EXTRACTED DATA:
# # #

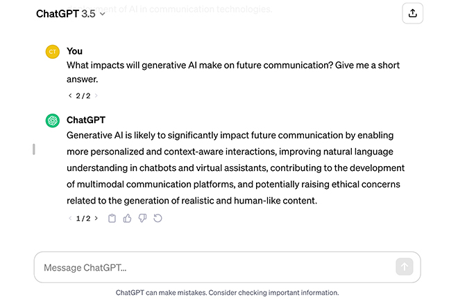 FILE PHOTO: ChatGPT talks about generative AI’s impact on future communication.
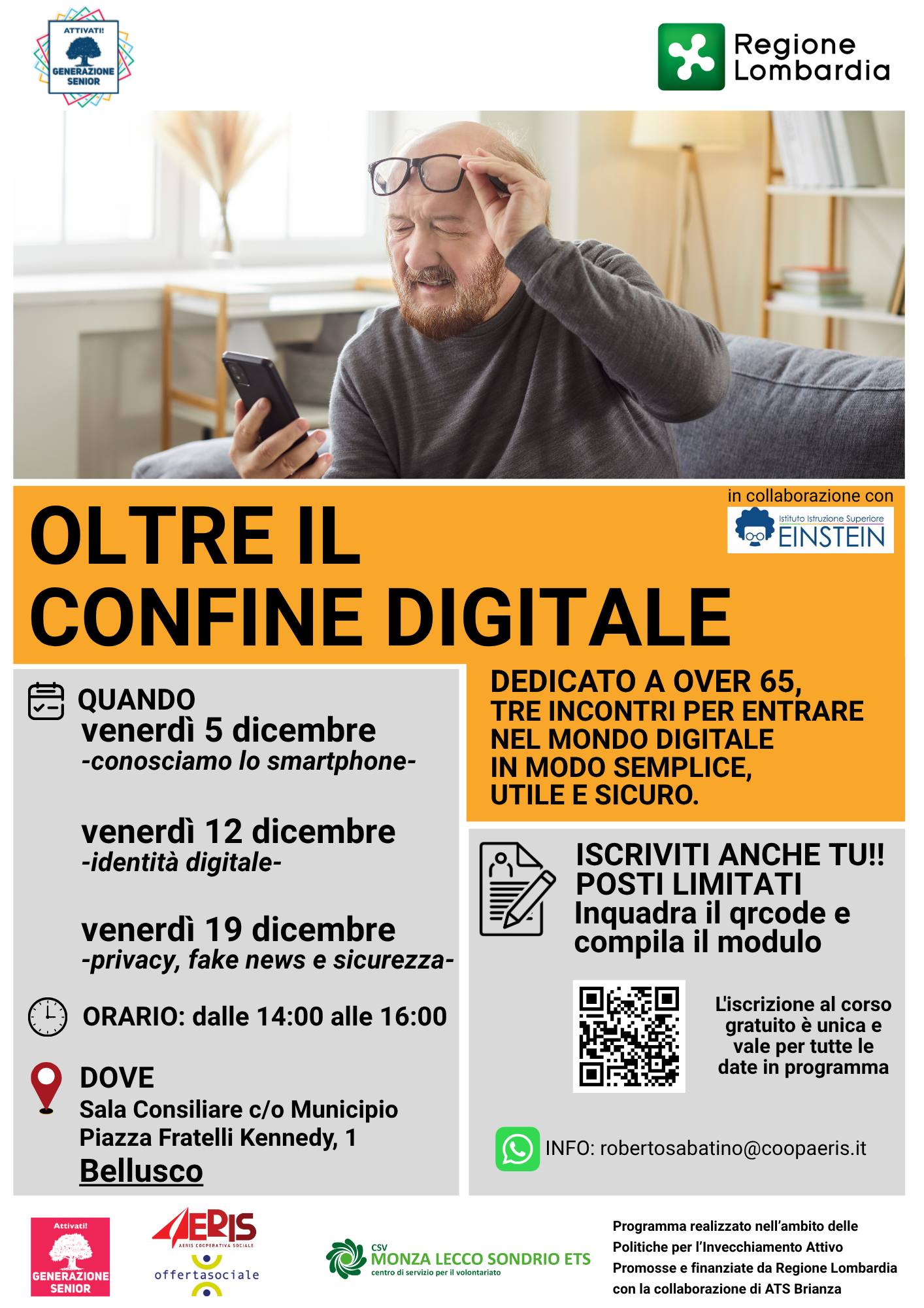OffertaSociale e la cooperativa sociale Aeris organizzano tre incontri dedicati agli over 65 per entrare nel mondo digitale in modo semplice, utile e sicuro.
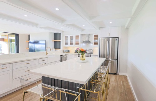 Your Maui Villa is located within the gated community of Ka'anapali Royal! You are greeted as you walk in with a spacious open floor plan that welcomes you into the heart of the home - the elegant kitchen with oversized island and plenty of seating for the whole group! The kitchen boasts expansive golf course views and is fully equipped with everything you will need including an additional beverage refrigerator for all your favorites!
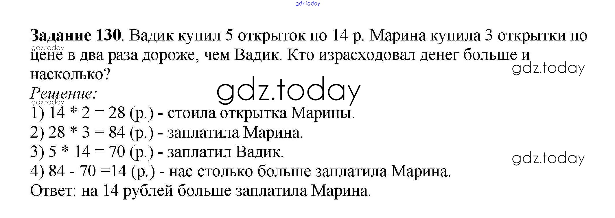 На страницах сайта gdz.today вы найдете учебный и вспомогательный материал, направленный на улучшения знаний школьной программы. ГДЗ - онлайн мир знаний Решение к части 2 (упражнения) 130 Учебнику по Математике для 3 класса Истомина Ассоциация 21 век Гармония 2014
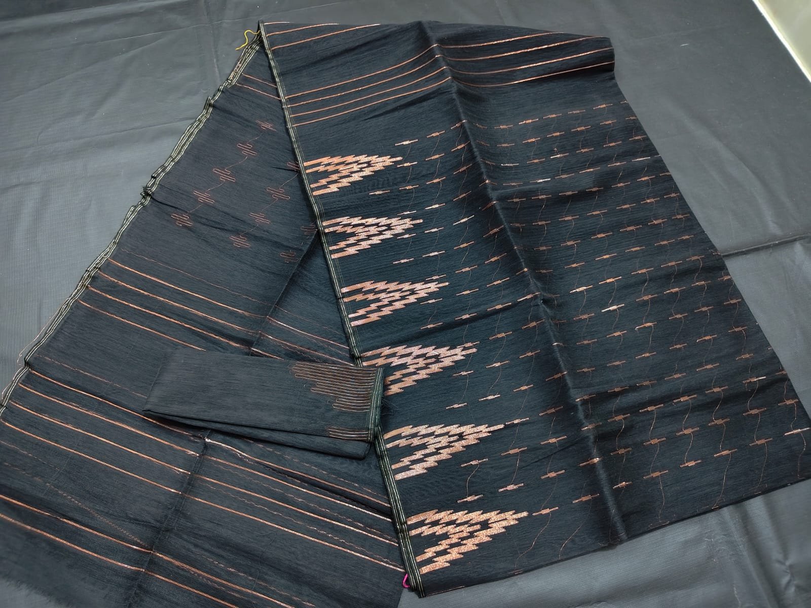 Experience timeless elegance with our Black Color Jamdani Saree with Blouse Piece, a stunning blend of tradition and craftsmanship. Woven by skilled Bangladeshi artisans, this saree features intricate handwoven motifs that reflect the rich heritage of Jamdani weaving.
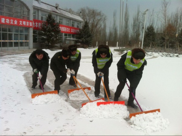 12月13日夜間華北大地普遍降雪。12月14日一早,東花園收費站駐站員工自發(fā)到內務室領取除雪工具及溫暖手套,在無劃分除雪責任人和責任區(qū)的情況下,三五一組積極投身到除雪保暢中。大家有的用推雪板推、有的用笤帚掃、有的灑溶雪劑、有的擺放標志牌干得不亦樂乎。不到兩小時的時間,收費廣場、站區(qū)院落就變回了原色?粗鴷惩ò踩男熊嚟h(huán)境,大家表示所有的付出都很值得。(東花園收費站 姜曉麗)
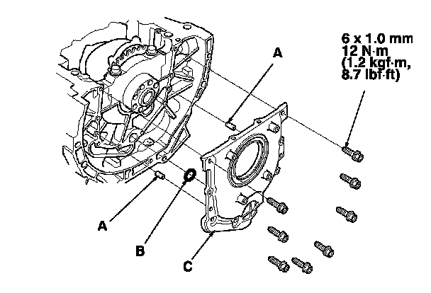 29. Install the dowel pins (A), a new O-ring (B), and the engine block end cover (C) on the engine block.
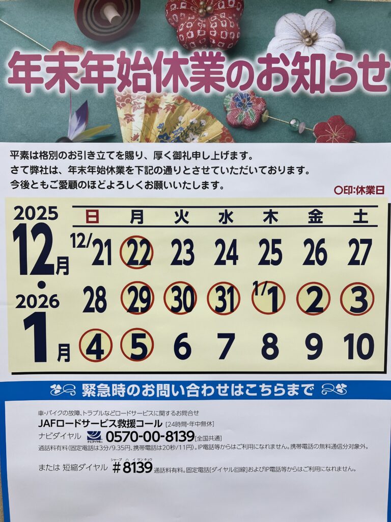 年末年始 12月29日(月)~1月5日(月)
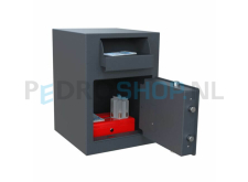 Deze afstortkluis biedt een bescherming tegen inbraak. Standaard uitgevoerd met een EN 1300 gecertificeerd elektronisch slot en een afstortklep met anti-hengelvoorziening. Dit type heeft een inwerpopening van 69x210 mm en geleverd in de kleur grafietgrijs RAL7024.
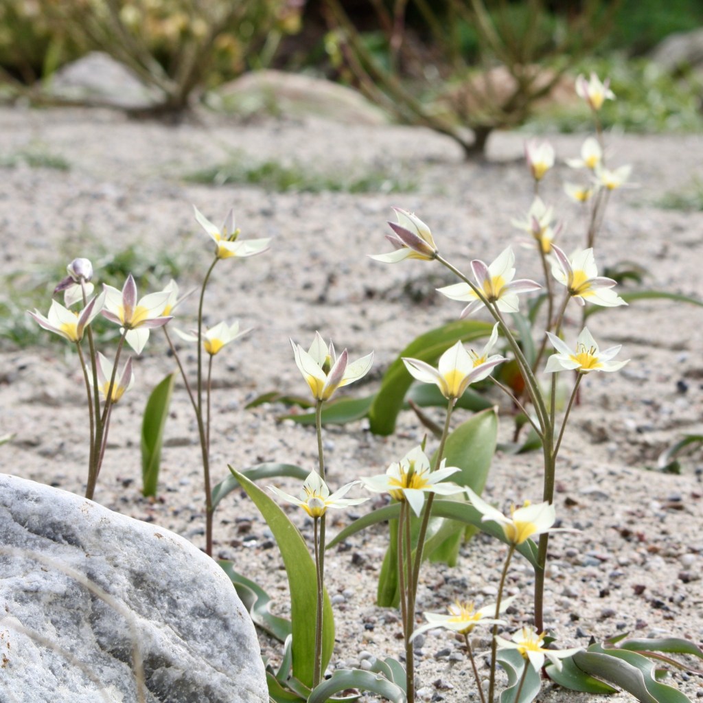Auch die Wahl der Pflanzenfarben spielt in der Wirkung eine große Rolle. Rottöne sind natürlich gewagt, aber der Herbst bringt durch die Färbung verschiedener Laubgehölze oder einer Fetthenne wie die Sorte „Herbstfreude“ warme Töne in den hellen Farbton des Sandes. Helle Gräser sollte man daher immer in der Kombination mit stärkeren Farben einsetzen – sonst verlieren sich diese im hellen Sand. Auch bei der Wahl von Zwiebelblühern – hier bitte auf solche achten, die kargeren Boden mögen (z.B. Wildtulpen) – ist eine Fernwirkung zu beachten. Die auf dem Foto dargestellte schwefelgelbe Tulipa turkestanica ist traumhaft schön, in der Fernwirkung aber nur bei bestimmten Lichteinwirkungen gut sichtbar.
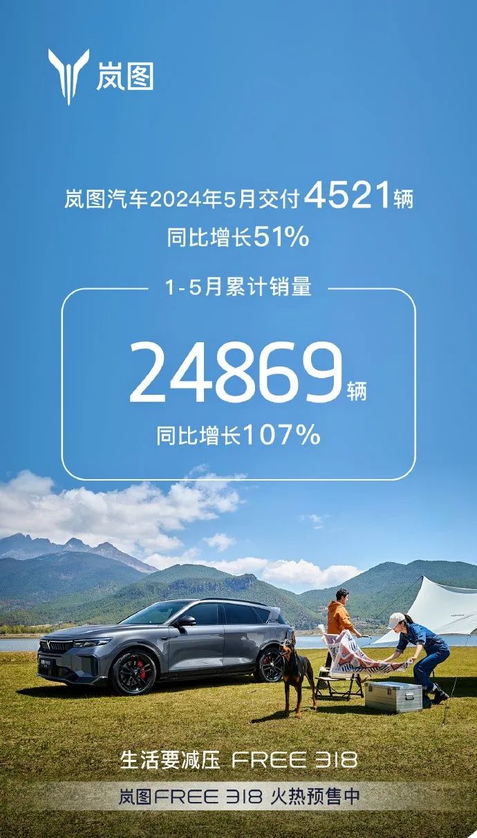 岚图:5月交付4,521辆,1-5月累计24,869辆
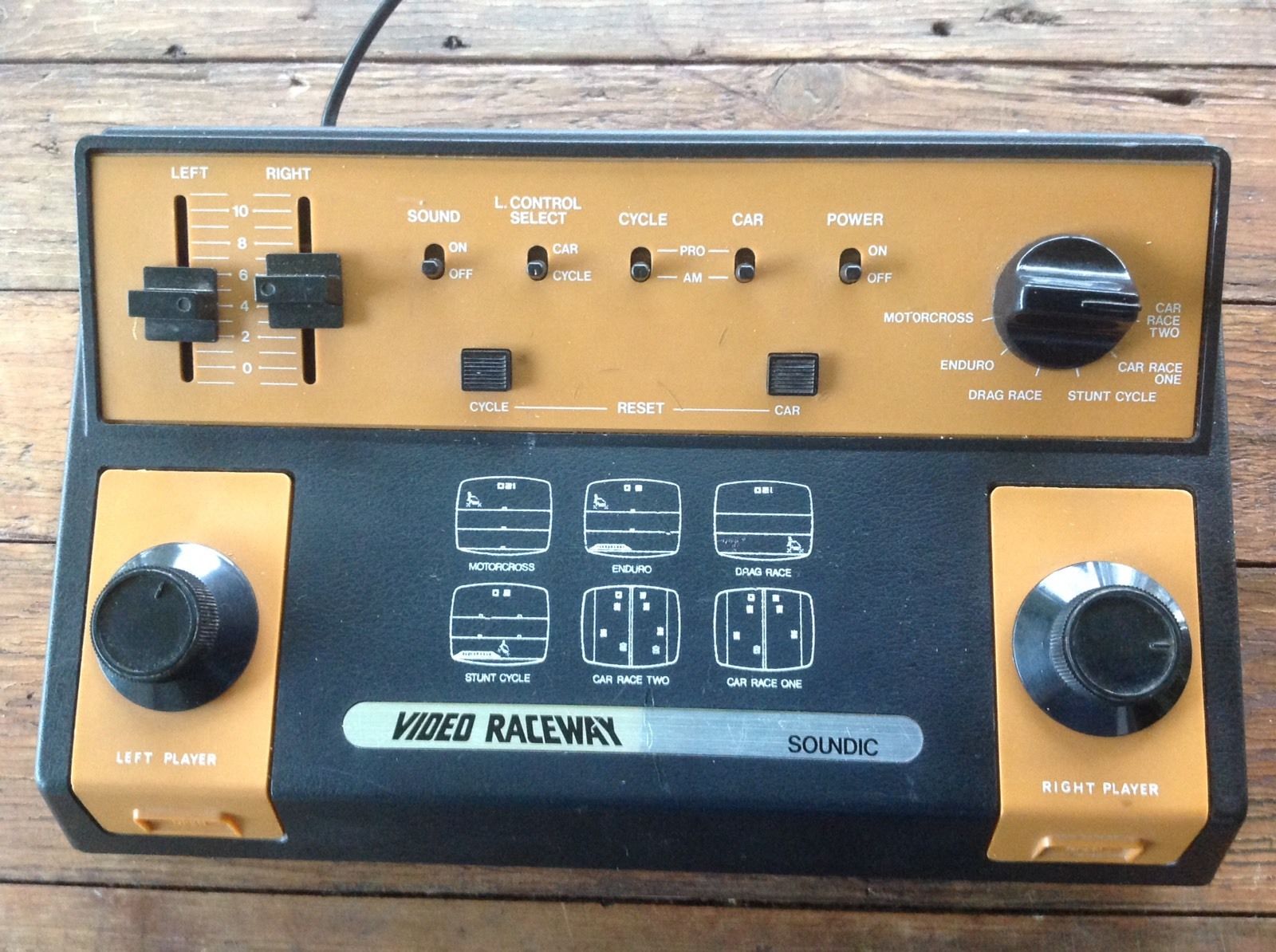 The Soundic Video Raceway is a dedicated console playing two top down racing games and four side view motocross games. The console uses the AY-3-8760 and AY-3-8603 dedicated chips. There are two different difficulty levels.
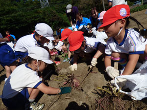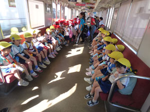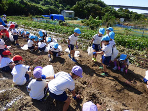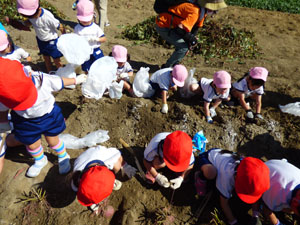 快晴の中、全学年でおいもほり遠足へ行きました。今年の畑の土は少し硬かったのですが、 農家の方の手作り竹シャベルで工夫しながら掘っていました。年長さんが年少さんに声をかけて、 一緒に土を掘るのを手伝う姿も見られました。お弁当とお菓子を食べて、電車に乗って帰りました。
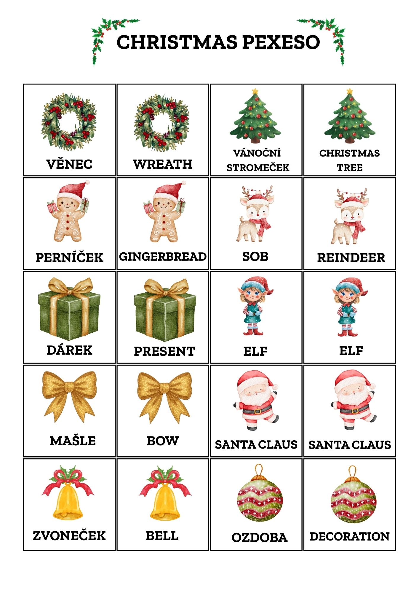 - Vánoční pexeso – procvičení slovní zásoby formou hry
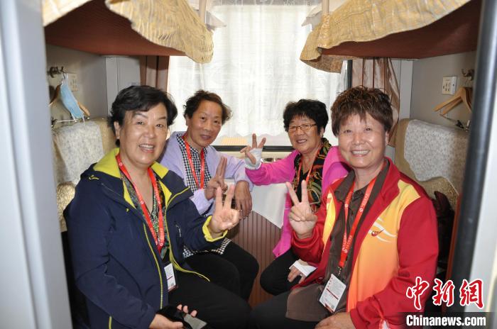 圖為乘坐首趟暑期進藏旅游專列的旅客合影。霍金偉 攝
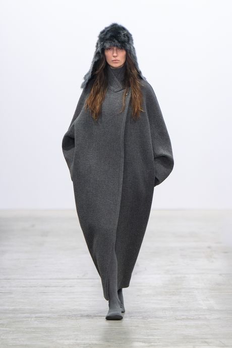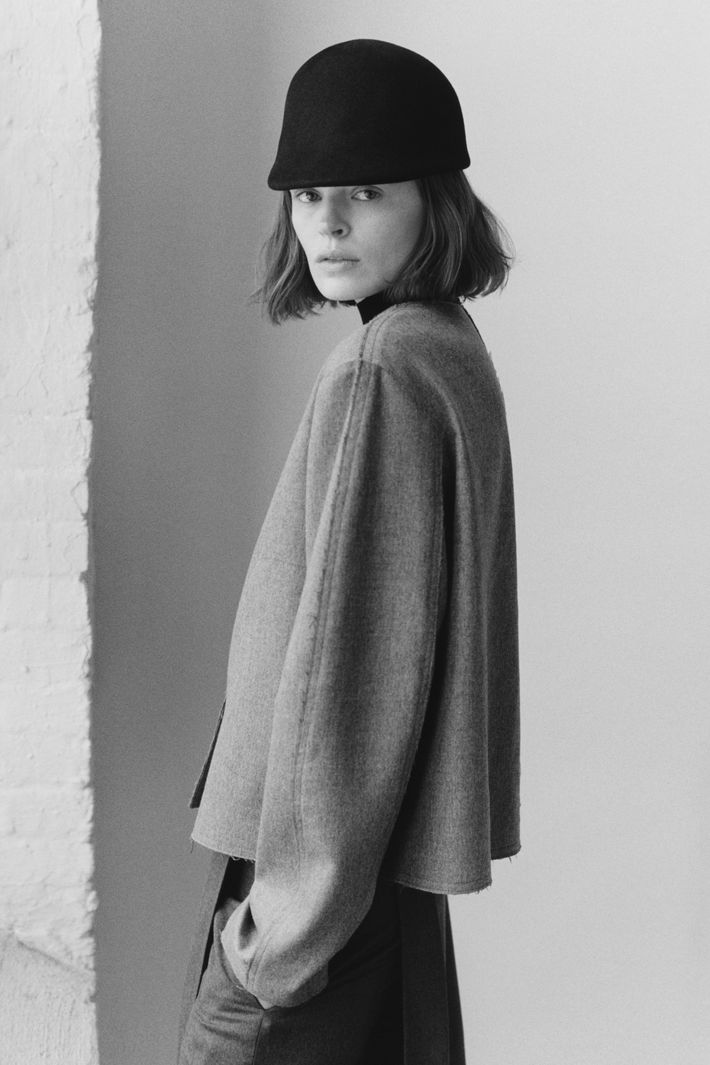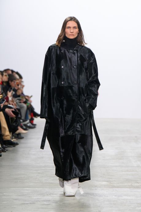 I loved a lot of Howie’s collection for Fforme, and her idea of exploring an American style as it was once practiced in the better workrooms of Seventh Avenue. She also brings a relevant Margiela anti-luxury flavor to her clothes and the styling, notably with its blunt line and a few shearling trapper hats. (Margiela images were on her mood board.) In addition to dark wool for her expert tailoring, Howie worked with a gorgeous French panne velvet for a coat and a trouser suit, and, as well, black hair calf for a long, loose coat.
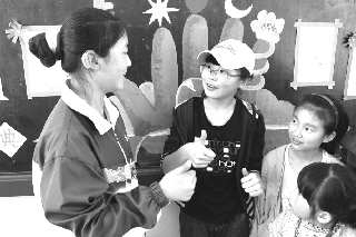 简单的手语建起沟通的桥梁 对贫困聋哑儿童捐助的活动结束后,小记者们与身边的聋哑学生一起走进他们的教室,了解他们的学习和生活。在教室里,小记者们和聋哑学生在纸上你一句我一句地交流着,很多小记者对聋哑学生们的手语产生了兴趣,问了许多关于手语的问题,现场就向聋哑学生学了起来。“我学会了‘你好’和‘你叫什么名字’这两个手语手势了,还有‘卧室’等等,今天学了好多,我还要多学点争取能与和我结对子的伙伴进行简单的交流。”活动结束后小记者万佳艺兴奋地向记者说道。临走前,小记者们纷纷向他们结对子的学生要了联系方式,“我们回去后要和他们常联系,经常帮助他们,让他们和我们一样快乐地成长。”小记者们向记者说出了自己的想法。

# # #

EXERCISE DIRECTIONS: When you return the listing, keep it exact and omit any pictures it holds.

TASK RESPONSE:
 FILE PHOTO: ChatGPT talks about generative AI’s impact on future communication.
OffertaSociale e la cooperativa sociale Aeris organizzano tre incontri dedicati agli over 65 per entrare nel mondo digitale in modo semplice, utile e sicuro.
 Your Maui Villa is located within the gated community of Ka'anapali Royal! You are greeted as you walk in with a spacious open floor plan that welcomes you into the heart of the home - the elegant kitchen with oversized island and plenty of seating for the whole group! The kitchen boasts expansive golf course views and is fully equipped with everything you will need including an additional beverage refrigerator for all your favorites!
 На страницах сайта gdz.today вы найдете учебный и вспомогательный материал, направленный на улучшения знаний школьной программы. ГДЗ - онлайн мир знаний Решение к части 2 (упражнения) 130 Учебнику по Математике для 3 класса Истомина Ассоциация 21 век Гармония 2014
 Experience timeless elegance with our Black Color Jamdani Saree with Blouse Piece, a stunning blend of tradition and craftsmanship. Woven by skilled Bangladeshi artisans, this saree features intricate handwoven motifs that reflect the rich heritage of Jamdani weaving.
 12月13日夜間華北大地普遍降雪。12月14日一早,東花園收費站駐站員工自發(fā)到內務室領取除雪工具及溫暖手套,在無劃分除雪責任人和責任區(qū)的情況下,三五一組積極投身到除雪保暢中。大家有的用推雪板推、有的用笤帚掃、有的灑溶雪劑、有的擺放標志牌干得不亦樂乎。不到兩小時的時間,收費廣場、站區(qū)院落就變回了原色?粗鴷惩ò踩男熊嚟h(huán)境,大家表示所有的付出都很值得。(東花園收費站 姜曉麗)
 29. Install the dowel pins (A), a new O-ring (B), and the engine block end cover (C) on the engine block.
 年末年始 12月29日(月)~1月5日(月)
 Deze afstortkluis biedt een bescherming tegen inbraak. Standaard uitgevoerd met een EN 1300 gecertificeerd elektronisch slot en een afstortklep met anti-hengelvoorziening. Dit type heeft een inwerpopening van 69x210 mm en geleverd in de kleur grafietgrijs RAL7024.
Auch die Wahl der Pflanzenfarben spielt in der Wirkung eine große Rolle. Rottöne sind natürlich gewagt, aber der Herbst bringt durch die Färbung verschiedener Laubgehölze oder einer Fetthenne wie die Sorte „Herbstfreude“ warme Töne in den hellen Farbton des Sandes. Helle Gräser sollte man daher immer in der Kombination mit stärkeren Farben einsetzen – sonst verlieren sich diese im hellen Sand. Auch bei der Wahl von Zwiebelblühern – hier bitte auf solche achten, die kargeren Boden mögen (z.B. Wildtulpen) – ist eine Fernwirkung zu beachten. Die auf dem Foto dargestellte schwefelgelbe Tulipa turkestanica ist traumhaft schön, in der Fernwirkung aber nur bei bestimmten Lichteinwirkungen gut sichtbar.
 岚图:5月交付4,521辆,1-5月累计24,869辆
 The Soundic Video Raceway is a dedicated console playing two top down racing games and four side view motocross games. The console uses the AY-3-8760 and AY-3-8603 dedicated chips. There are two different difficulty levels.
 快晴の中、全学年でおいもほり遠足へ行きました。今年の畑の土は少し硬かったのですが、 農家の方の手作り竹シャベルで工夫しながら掘っていました。年長さんが年少さんに声をかけて、 一緒に土を掘るのを手伝う姿も見られました。お弁当とお菓子を食べて、電車に乗って帰りました。
 - Vánoční pexeso – procvičení slovní zásoby formou hry
 圖為乘坐首趟暑期進藏旅游專列的旅客合影。霍金偉 攝
 I loved a lot of Howie’s collection for Fforme, and her idea of exploring an American style as it was once practiced in the better workrooms of Seventh Avenue. She also brings a relevant Margiela anti-luxury flavor to her clothes and the styling, notably with its blunt line and a few shearling trapper hats. (Margiela images were on her mood board.) In addition to dark wool for her expert tailoring, Howie worked with a gorgeous French panne velvet for a coat and a trouser suit, and, as well, black hair calf for a long, loose coat.
 简单的手语建起沟通的桥梁 对贫困聋哑儿童捐助的活动结束后,小记者们与身边的聋哑学生一起走进他们的教室,了解他们的学习和生活。在教室里,小记者们和聋哑学生在纸上你一句我一句地交流着,很多小记者对聋哑学生们的手语产生了兴趣,问了许多关于手语的问题,现场就向聋哑学生学了起来。“我学会了‘你好’和‘你叫什么名字’这两个手语手势了,还有‘卧室’等等,今天学了好多,我还要多学点争取能与和我结对子的伙伴进行简单的交流。”活动结束后小记者万佳艺兴奋地向记者说道。临走前,小记者们纷纷向他们结对子的学生要了联系方式,“我们回去后要和他们常联系,经常帮助他们,让他们和我们一样快乐地成长。”小记者们向记者说出了自己的想法。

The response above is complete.